> [RECORDS SHOWN]:
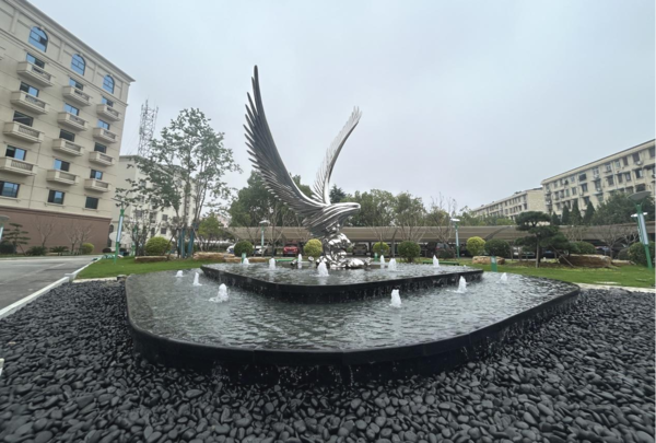 如今,園區(qū)內(nèi)景觀風(fēng)格煥然一新,水聲潺潺,綠樹成蔭,環(huán)境宜人。門口展翅的雄鷹雕塑與流水景觀、綠化植物相得益彰,共同構(gòu)成了一幅美麗的生態(tài)畫卷。該項(xiàng)目順利完工,不僅成為蕪湖城市更新的生動縮影,更以生態(tài)之美、人文之韻,為城市高質(zhì)量發(fā)展注入了新的活力與內(nèi)涵。
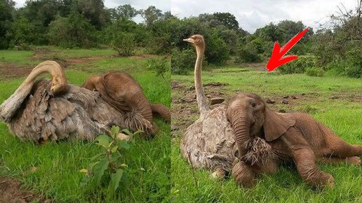 Слон-сирота каждый день обнимает СТРАУСА. Он потерял мать, но приобрел настоящего ДРУГА...
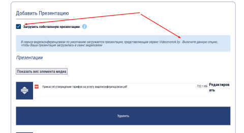 При создании и редактировании конференции её администраторы теперь могут добавлять свои презентации, которые автоматически загружаются при запуске сеанса видеоконференцсвязи. При этом загружаемая со страницы конференции презентация автоматически замещает собой стандартную презентацию , представляющую сервис Videozvonok.by . Такая функция предустановки презентаций может быть полезна, когда нужно без заминок провести обучение или ознакомить участников конференции с документами, предварительно подготовив весь массив необходимой информации. Или, например, когда пользователям конференции разрешено запускать ее без модератора. В этом случае участники, планирующие свое участие в онлайн-мероприятии, могут ознакомиться с его описанием на титульном листе презентации. -
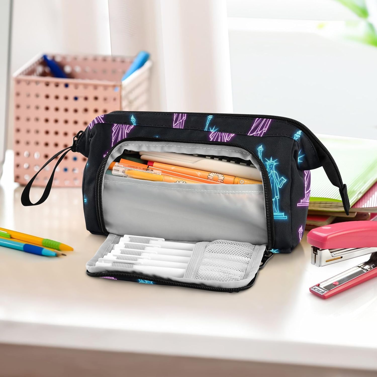 Materiale adeguato: questo robusto astuccio organizer è realizzato in robusto tessuto di nylon, di lunga durata, pratico, resistente all'usura, resistente ai graffi, facile da lavare e pulire. Con cerniera in metallo liscio, può aprirsi e chiudersi facilmente. (Non adatto a bambini di età inferiore ai 3 anni!) Grande capacità: 24 x 9,5 x 15 cm. Dotato di 1 grande scomparto, 1 comoda tasca laterale e 2 tasche interne, Pencil Bags è davvero un must have di dimensioni generose. La tasca principale può organizzare fino a 40-60 penne, matite o pennarelli, anche gomme, righelli, calcolatrici, nastri, foglietti adesivi, pennelli, cosmetici possono essere riposti facilmente. Con 5 matite schiaffeggiate sulla tasca laterale, le penne spesso utilizzate possono essere fissate. Due tasche interne possono contenere oggetti facilmente persi come carte, chiavi e contanti. Design portatile e conveniente: con peso leggero, corpo piccolo e piegatura manuale, il nostro astuccio organizer è facile da trasportare in borsa o tenere a portata di mano. L'apertura superiore e l'apertura laterale offrono scelte per voi per prendere o mettere le vostre necessità in esso. Puoi vedere chiaramente il tuo articolo dall'alto e trovare le tue penne, matite, pennarelli e pennelli usati di frequente dal lato. Scenario applicabile: l'astuccio non è solo un astuccio, ma può anche essere utilizzato per altri scopi. È adatto per occasioni come studio, ufficio, gite, viaggi, uscite e così via. Inoltre, può essere utilizzato come astuccio per penne, matite o pennelli, borsa per il trucco, ufficio personale e custodia per forniture scolastiche. Materiale lavabile: l'intero astuccio è lavabile. il modo corretto di lavare è a mano; il lavaggio in lavatrice non è supportato. Non aggiungere candeggina durante la pulizia.
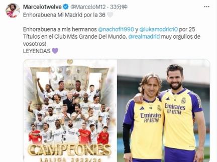 马塞洛写道:“恭喜我的皇马夺得联赛第36冠。恭喜我的兄弟莫德里奇和纳乔在世界上最大的俱乐部中获得25个冠军,@皇马为你感到非常骄傲!”

> [EXERCISE DESCRIPTION]: Word for word, repeat the lines of data above, omitting every picture.

> [SOLUTION]:
 如今,園區(qū)內(nèi)景觀風(fēng)格煥然一新,水聲潺潺,綠樹成蔭,環(huán)境宜人。門口展翅的雄鷹雕塑與流水景觀、綠化植物相得益彰,共同構(gòu)成了一幅美麗的生態(tài)畫卷。該項(xiàng)目順利完工,不僅成為蕪湖城市更新的生動縮影,更以生態(tài)之美、人文之韻,為城市高質(zhì)量發(fā)展注入了新的活力與內(nèi)涵。
 Слон-сирота каждый день обнимает СТРАУСА. Он потерял мать, но приобрел настоящего ДРУГА...
 При создании и редактировании конференции её администраторы теперь могут добавлять свои презентации, которые автоматически загружаются при запуске сеанса видеоконференцсвязи. При этом загружаемая со страницы конференции презентация автоматически замещает собой стандартную презентацию , представляющую сервис Videozvonok.by . Такая функция предустановки презентаций может быть полезна, когда нужно без заминок провести обучение или ознакомить участников конференции с документами, предварительно подготовив весь массив необходимой информации. Или, например, когда пользователям конференции разрешено запускать ее без модератора. В этом случае участники, планирующие свое участие в онлайн-мероприятии, могут ознакомиться с его описанием на титульном листе презентации. -
 Materiale adeguato: questo robusto astuccio organizer è realizzato in robusto tessuto di nylon, di lunga durata, pratico, resistente all'usura, resistente ai graffi, facile da lavare e pulire. Con cerniera in metallo liscio, può aprirsi e chiudersi facilmente. (Non adatto a bambini di età inferiore ai 3 anni!) Grande capacità: 24 x 9,5 x 15 cm. Dotato di 1 grande scomparto, 1 comoda tasca laterale e 2 tasche interne, Pencil Bags è davvero un must have di dimensioni generose. La tasca principale può organizzare fino a 40-60 penne, matite o pennarelli, anche gomme, righelli, calcolatrici, nastri, foglietti adesivi, pennelli, cosmetici possono essere riposti facilmente. Con 5 matite schiaffeggiate sulla tasca laterale, le penne spesso utilizzate possono essere fissate. Due tasche interne possono contenere oggetti facilmente persi come carte, chiavi e contanti. Design portatile e conveniente: con peso leggero, corpo piccolo e piegatura manuale, il nostro astuccio organizer è facile da trasportare in borsa o tenere a portata di mano. L'apertura superiore e l'apertura laterale offrono scelte per voi per prendere o mettere le vostre necessità in esso. Puoi vedere chiaramente il tuo articolo dall'alto e trovare le tue penne, matite, pennarelli e pennelli usati di frequente dal lato. Scenario applicabile: l'astuccio non è solo un astuccio, ma può anche essere utilizzato per altri scopi. È adatto per occasioni come studio, ufficio, gite, viaggi, uscite e così via. Inoltre, può essere utilizzato come astuccio per penne, matite o pennelli, borsa per il trucco, ufficio personale e custodia per forniture scolastiche. Materiale lavabile: l'intero astuccio è lavabile. il modo corretto di lavare è a mano; il lavaggio in lavatrice non è supportato. Non aggiungere candeggina durante la pulizia.
 马塞洛写道:“恭喜我的皇马夺得联赛第36冠。恭喜我的兄弟莫德里奇和纳乔在世界上最大的俱乐部中获得25个冠军,@皇马为你感到非常骄傲!”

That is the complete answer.